Exotic/Disgusting Foods and Beverages Forum--A German Fig Liqueur

      It's booze time again!  This was another random find, which I noticed while shopping at one of my local liquor stores.  First, I saw it was flavored with figs, which is a liquor type I've never had before.  Second, when I picked up the bottle I read it was made in Germany.  So that sold it--a new kind of beverage, and from another country to boot.  The name of this drink was Kleiner Feigling, The Original, and it was made by the Waldemar Behn company.

     Waldemar Behn GmbH was created by a German man in 1892, who was not coincidently named Waldemar Behn.  This company, which usually goes by BEHN for short, started off by selling other folk's alcoholic beverages.  However, in the 1950's it started making its own.  These products were enough to keep the business going, but it wasn't until 1992 that BEHN saw one of its own brands become really popular.  This was Kleiner Feigling.  Which is a play on words, as in German "feige" can refer to figs, or to being cowardly.  So the brand translates into "Little Coward."  This is also the name of the brand's logo character.  Who is, like the Billy Idol song, or the fun old horror movie that song was based on, eyes without a face.  Two kind of crossed eyes, on a field of black, with apparent fear perspiration drops coming off the invisible, or incorporeal head of Little Coward.  All of the Kleiner Feigling drinks are made from vodka that's then infused with various flavors.  The original is fig-based, but other kinds include magic mango, red berry sour, coco biscuit, cherry-banana, bubble gum, licorice, strawberry colada, cookie vanilla, and green lemon.  Their alcohol content is mid-range, either 15% or 20% (30 or 40 proof).  These drinks are often sold in tiny 20 mL bottles, or basically, single shots.  Consumers have a custom of tipping the bottle upside down and then tapping the cap, to cause bubbles to form before the beverage is imbibed.  Kleiner Feigling was prominently advertised at the (now discontinued) German Love Parade, as well as being on the trunks of Hall of Fame boxers like Wladimir Klischko and Virgil Hill.  BEHN has many other brands as well.  Some of the more popular ones are Andalo (flavored with sea buckthorn), Dooley's (a cream liqueur), and Danzka, a Danish-made vodka that BEHN acquired in 2013.

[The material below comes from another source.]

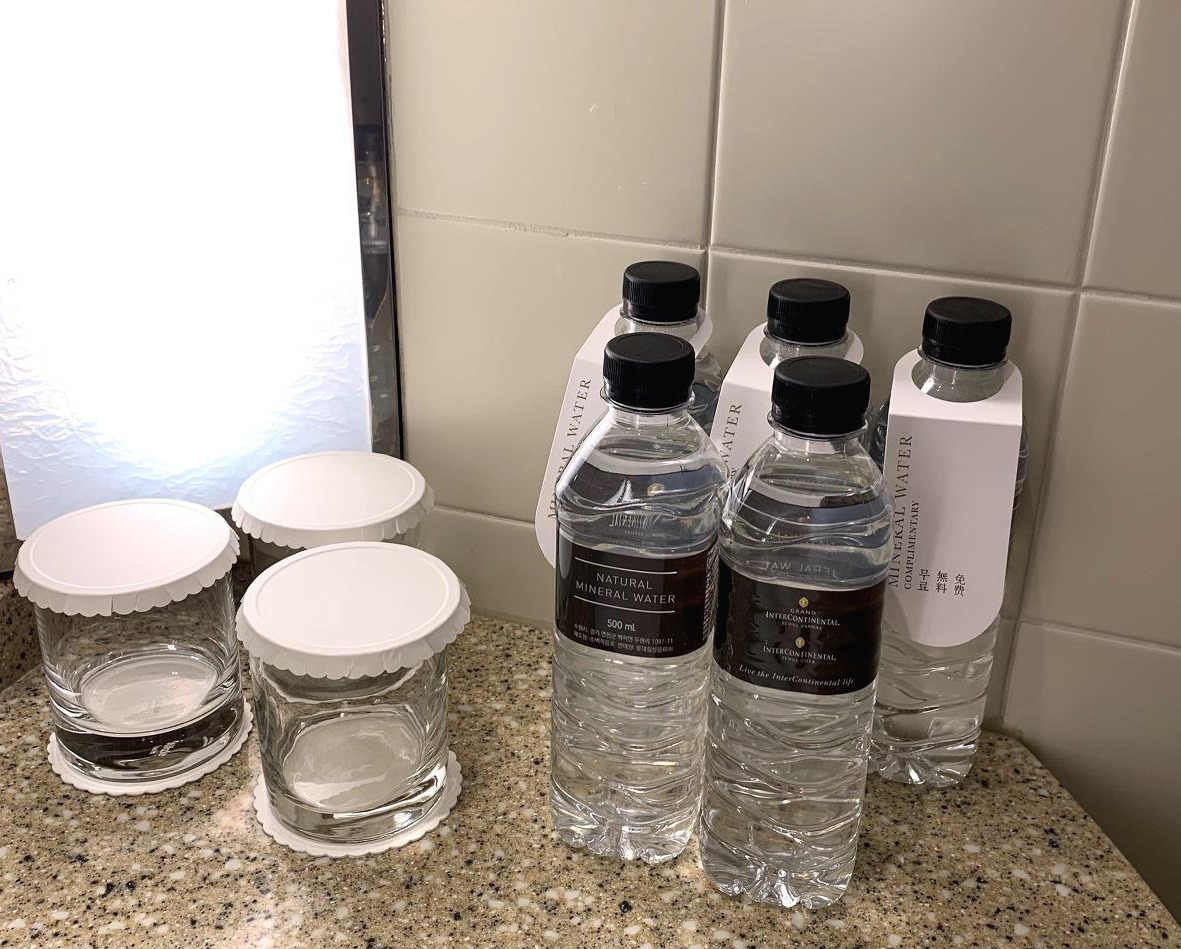 물을 많이 마시는 편이라 호텔 가는 길에 넉넉히 사갔는데 방 입구 있는 커피머신 옆에 물이 네 병이나 있었다. 욕실에도 다섯 병이 더 있었다. 우리가 체크인을 한 후에야 청소 마무리를 했던 게 미안해서 여분을 두고 가셨나 했는데 이튿날에도 똑같은 수의 물이 있는 걸 보니 원래 방침인 듯했다.

Kleiner Feigling, The Original, natural fig liqueur:  Had a discernable and pleasant fig-y odor.  The taste was good--nice and fruity.  A bit strong, but not like a typical hard liquor, which makes sense since they're usually double the alcohol content.  I didn't enjoy it as much as the creme de cassis (see my post on August 21, 2021 for more information on that drink), but it was still solid, better than average.  Overall it was fun to try a liquor flavored with a different kind of fruit.  Also, I had mine plain, but others mix it with other liquids as a cocktail, or over ice.  And I didn't do the "flip it over and tap the cap to cause bubbles before drinking" tradition, since I hadn't heard about that until after I finished the bottle.  Therefore, I would recommend this for folks looking to try something new in a fruity liqueur.  Unless you hate figs, I guess.  I'll look for other Kleiner Feigling flavors as well.


     BEHN is based out of the small seaside town of Eckernforde.  Which, despite its size, has had a couple of famous denizens.  Olympic medalist Ruth Halbsguth was born here.  She won a silver medal in the women's 4 X 100 meter freestyle swimming event in the 1936 Summer Games.  Count Saint Germain  (1712-84) was buried here, until flooding destroyed his grave  in 1872.  The Count was a very colorful fellow.  He was renowned as a chemist, musician, diplomat, probable spy, adventurer, etc., and enjoyed the patronage of many royals of his day, because they found him endlessly fascinating and entertaining.  He might have been born in Transylvania, but nobody's really sure.